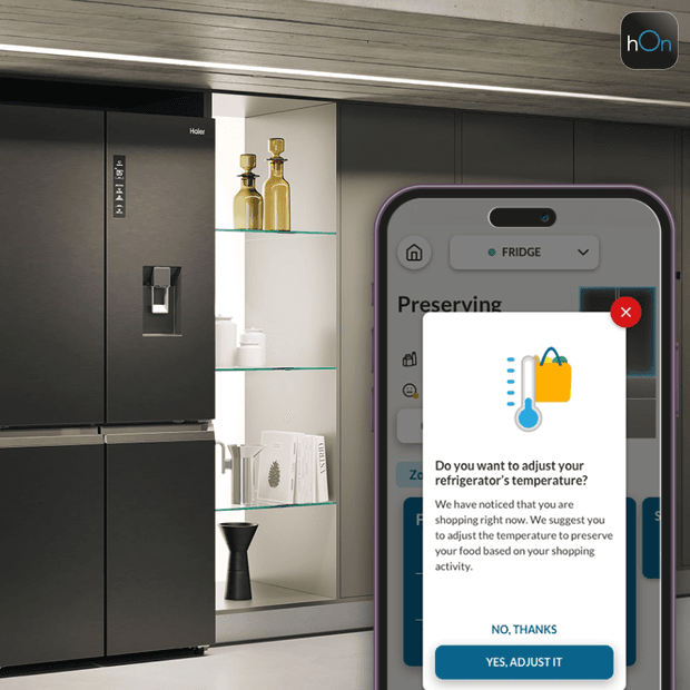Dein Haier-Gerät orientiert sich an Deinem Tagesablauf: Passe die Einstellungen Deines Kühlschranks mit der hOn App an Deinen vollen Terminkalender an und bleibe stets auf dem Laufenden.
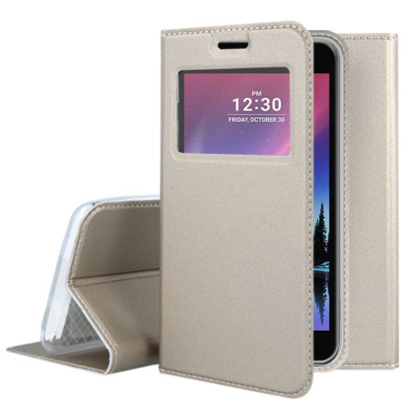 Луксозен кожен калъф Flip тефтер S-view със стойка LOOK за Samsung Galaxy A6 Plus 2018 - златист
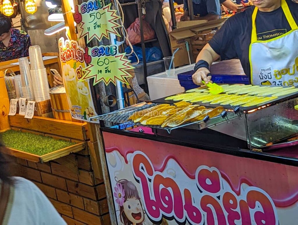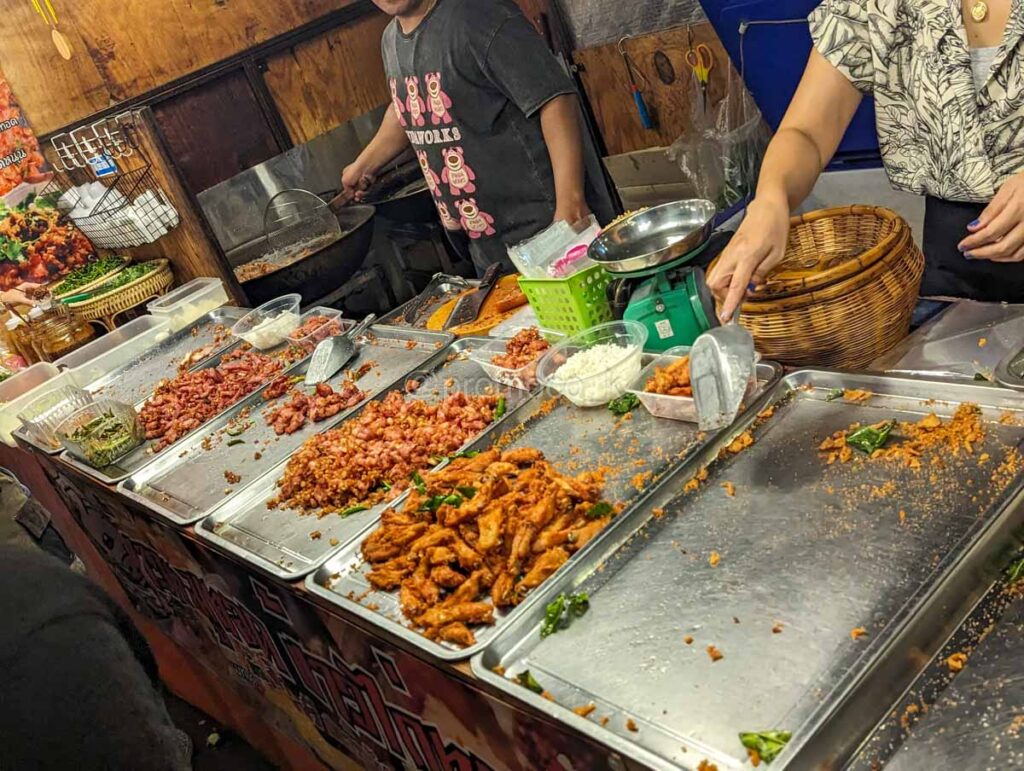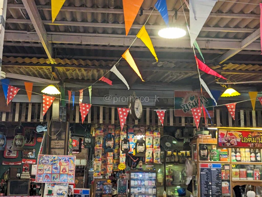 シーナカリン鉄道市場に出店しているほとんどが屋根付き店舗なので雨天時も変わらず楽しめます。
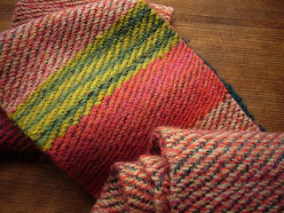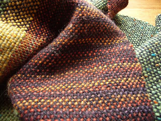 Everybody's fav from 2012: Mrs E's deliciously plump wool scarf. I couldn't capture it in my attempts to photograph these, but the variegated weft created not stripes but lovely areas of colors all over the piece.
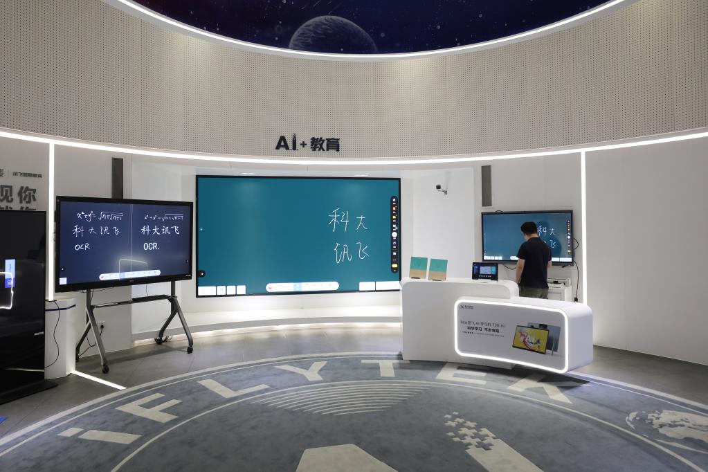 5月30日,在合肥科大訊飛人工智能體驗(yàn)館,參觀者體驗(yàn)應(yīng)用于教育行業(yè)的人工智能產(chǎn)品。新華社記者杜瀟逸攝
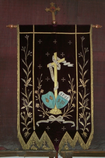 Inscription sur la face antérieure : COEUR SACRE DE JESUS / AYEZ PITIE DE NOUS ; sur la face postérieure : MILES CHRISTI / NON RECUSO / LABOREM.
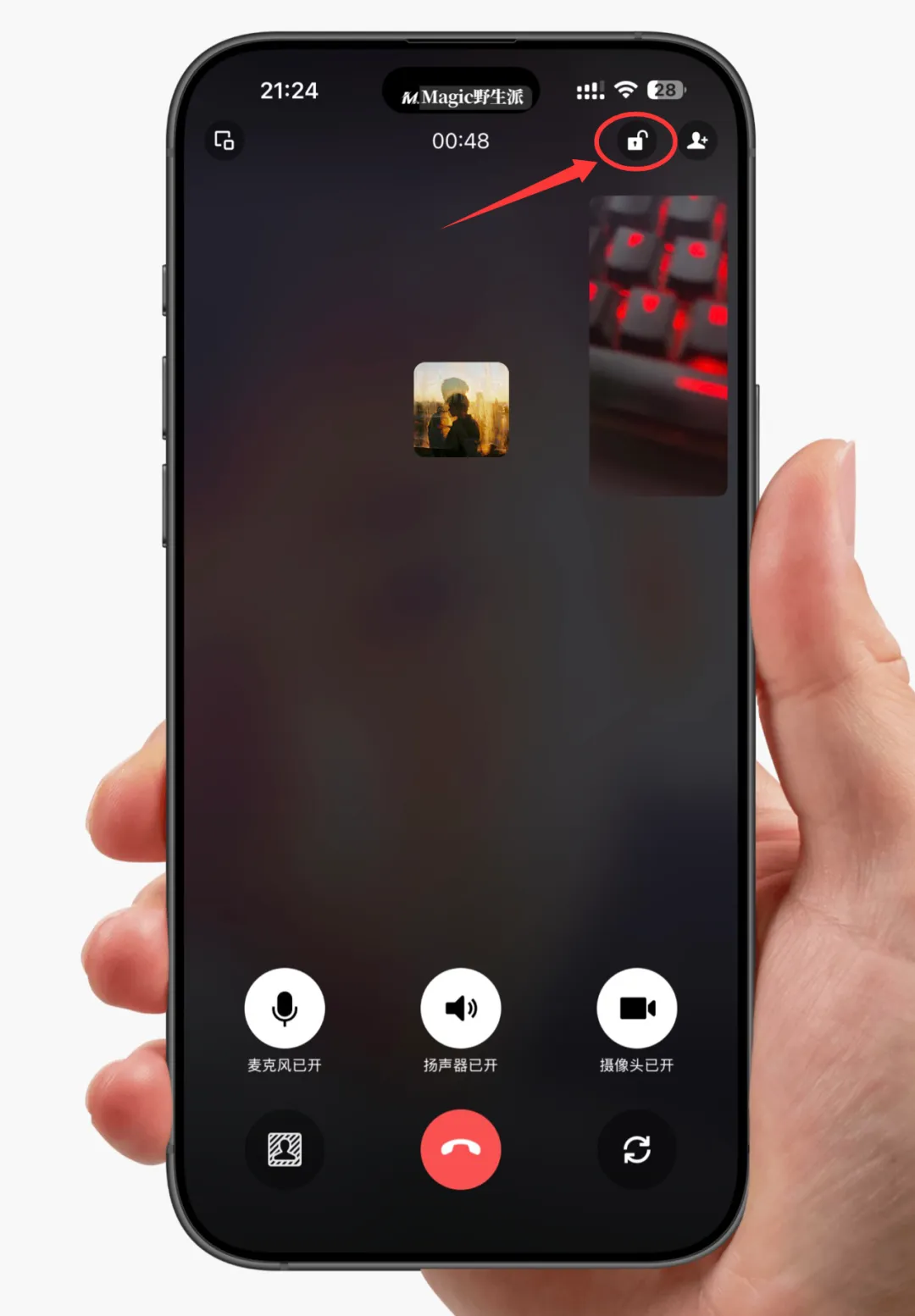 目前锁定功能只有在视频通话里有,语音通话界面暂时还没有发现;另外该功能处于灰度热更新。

---

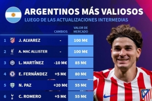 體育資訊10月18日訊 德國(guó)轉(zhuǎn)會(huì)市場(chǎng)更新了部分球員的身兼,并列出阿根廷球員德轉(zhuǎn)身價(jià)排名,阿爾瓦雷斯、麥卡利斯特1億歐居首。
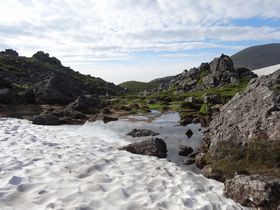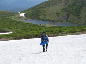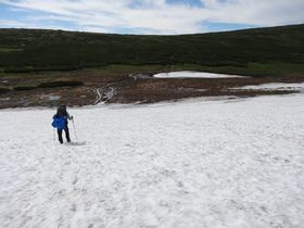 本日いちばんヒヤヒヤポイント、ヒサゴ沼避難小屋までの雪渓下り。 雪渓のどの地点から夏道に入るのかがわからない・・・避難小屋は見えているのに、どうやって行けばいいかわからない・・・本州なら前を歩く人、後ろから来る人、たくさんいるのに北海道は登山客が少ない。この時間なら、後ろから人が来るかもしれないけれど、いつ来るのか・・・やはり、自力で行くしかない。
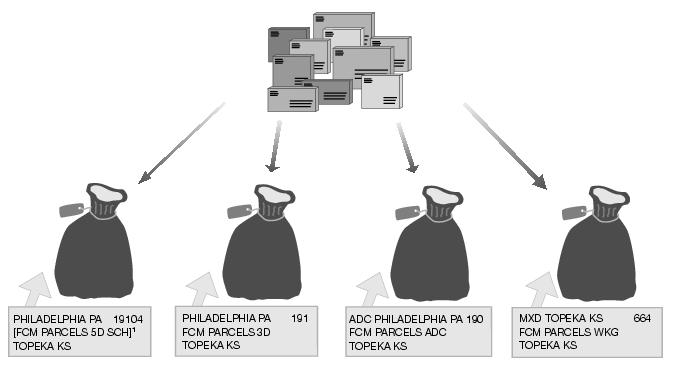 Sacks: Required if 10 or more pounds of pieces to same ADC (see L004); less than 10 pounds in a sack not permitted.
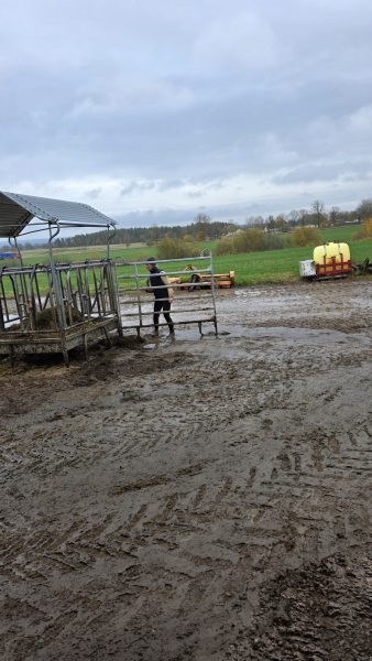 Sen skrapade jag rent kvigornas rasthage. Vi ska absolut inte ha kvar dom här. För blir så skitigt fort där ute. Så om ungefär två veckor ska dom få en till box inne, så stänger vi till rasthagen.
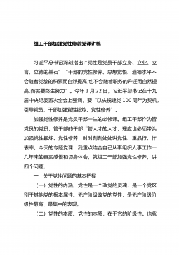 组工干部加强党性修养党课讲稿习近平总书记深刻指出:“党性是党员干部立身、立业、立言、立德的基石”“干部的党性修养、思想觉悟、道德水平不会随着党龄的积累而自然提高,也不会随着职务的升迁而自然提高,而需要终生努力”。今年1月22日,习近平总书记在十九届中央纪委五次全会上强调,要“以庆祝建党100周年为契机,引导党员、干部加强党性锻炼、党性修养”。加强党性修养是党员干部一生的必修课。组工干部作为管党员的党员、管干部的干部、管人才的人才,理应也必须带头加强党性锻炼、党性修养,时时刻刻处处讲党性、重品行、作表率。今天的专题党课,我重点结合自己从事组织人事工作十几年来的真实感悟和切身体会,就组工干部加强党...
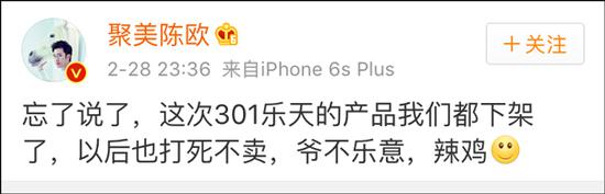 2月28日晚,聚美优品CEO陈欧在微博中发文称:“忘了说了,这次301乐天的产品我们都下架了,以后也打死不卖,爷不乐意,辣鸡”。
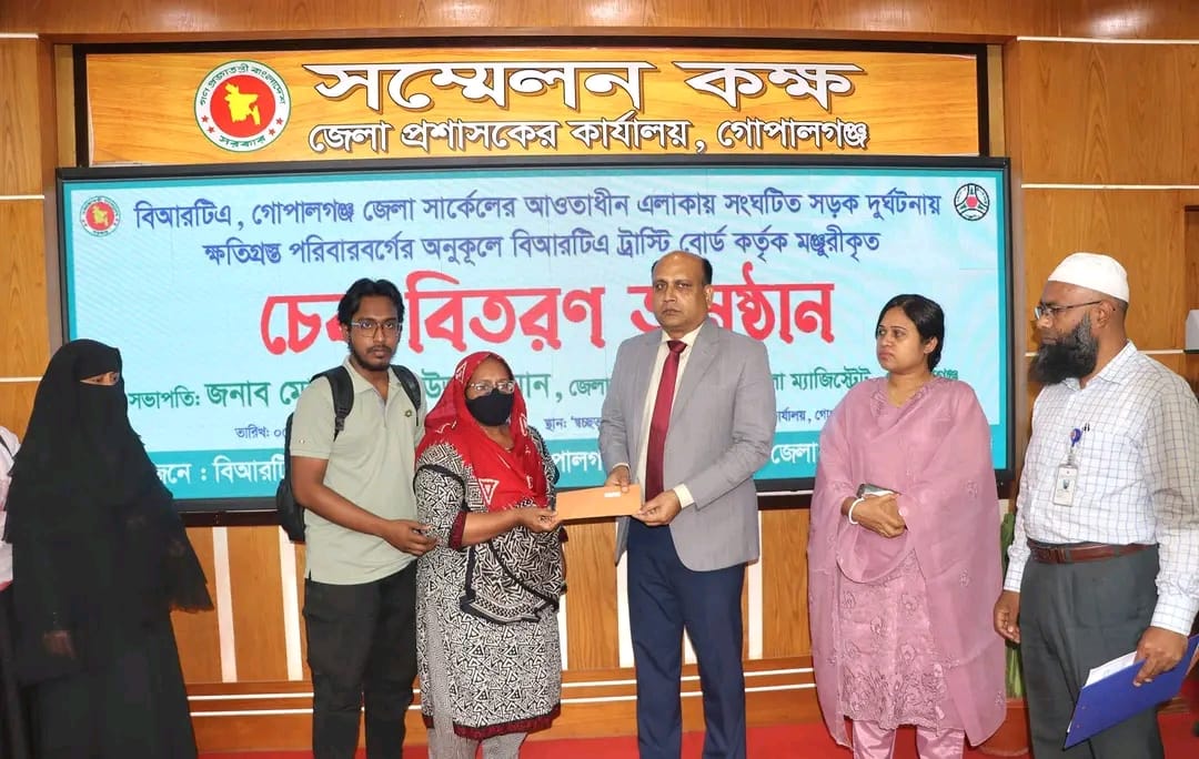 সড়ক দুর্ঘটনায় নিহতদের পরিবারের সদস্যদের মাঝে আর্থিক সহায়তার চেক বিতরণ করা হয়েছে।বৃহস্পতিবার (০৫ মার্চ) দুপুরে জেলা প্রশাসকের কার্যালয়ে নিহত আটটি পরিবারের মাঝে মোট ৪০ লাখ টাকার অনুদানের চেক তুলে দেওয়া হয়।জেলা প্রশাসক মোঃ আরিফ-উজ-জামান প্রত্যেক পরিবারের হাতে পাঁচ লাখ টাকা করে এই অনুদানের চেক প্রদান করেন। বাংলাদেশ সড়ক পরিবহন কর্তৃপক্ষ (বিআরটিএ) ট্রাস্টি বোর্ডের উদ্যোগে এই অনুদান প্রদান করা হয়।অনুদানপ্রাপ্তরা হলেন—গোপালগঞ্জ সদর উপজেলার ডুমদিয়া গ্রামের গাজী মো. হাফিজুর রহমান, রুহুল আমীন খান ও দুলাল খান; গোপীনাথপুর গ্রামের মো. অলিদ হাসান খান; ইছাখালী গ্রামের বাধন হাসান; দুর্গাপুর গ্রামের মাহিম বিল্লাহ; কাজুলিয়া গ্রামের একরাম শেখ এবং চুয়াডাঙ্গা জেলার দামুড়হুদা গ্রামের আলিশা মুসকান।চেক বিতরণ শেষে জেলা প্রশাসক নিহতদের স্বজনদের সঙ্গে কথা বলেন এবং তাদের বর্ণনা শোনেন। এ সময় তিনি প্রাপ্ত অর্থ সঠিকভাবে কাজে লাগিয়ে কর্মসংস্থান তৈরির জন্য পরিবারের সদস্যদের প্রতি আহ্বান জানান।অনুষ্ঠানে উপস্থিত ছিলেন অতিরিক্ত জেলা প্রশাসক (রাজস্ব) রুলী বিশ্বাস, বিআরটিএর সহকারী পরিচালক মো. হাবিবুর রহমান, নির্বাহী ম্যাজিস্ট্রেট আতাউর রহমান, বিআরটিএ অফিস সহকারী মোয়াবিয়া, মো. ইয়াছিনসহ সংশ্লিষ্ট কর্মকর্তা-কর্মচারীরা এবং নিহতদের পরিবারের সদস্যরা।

What this task involves: Would you give again, exactly, the lines in the data above that run from the line containing "Sen skrapade jag" to the line containing "2月28日晚,聚美优品CEO"? Include both ends and no pictures.

Reply:
 Sen skrapade jag rent kvigornas rasthage. Vi ska absolut inte ha kvar dom här. För blir så skitigt fort där ute. Så om ungefär två veckor ska dom få en till box inne, så stänger vi till rasthagen.
 组工干部加强党性修养党课讲稿习近平总书记深刻指出:“党性是党员干部立身、立业、立言、立德的基石”“干部的党性修养、思想觉悟、道德水平不会随着党龄的积累而自然提高,也不会随着职务的升迁而自然提高,而需要终生努力”。今年1月22日,习近平总书记在十九届中央纪委五次全会上强调,要“以庆祝建党100周年为契机,引导党员、干部加强党性锻炼、党性修养”。加强党性修养是党员干部一生的必修课。组工干部作为管党员的党员、管干部的干部、管人才的人才,理应也必须带头加强党性锻炼、党性修养,时时刻刻处处讲党性、重品行、作表率。今天的专题党课,我重点结合自己从事组织人事工作十几年来的真实感悟和切身体会,就组工干部加强党...
 2月28日晚,聚美优品CEO陈欧在微博中发文称:“忘了说了,这次301乐天的产品我们都下架了,以后也打死不卖,爷不乐意,辣鸡”。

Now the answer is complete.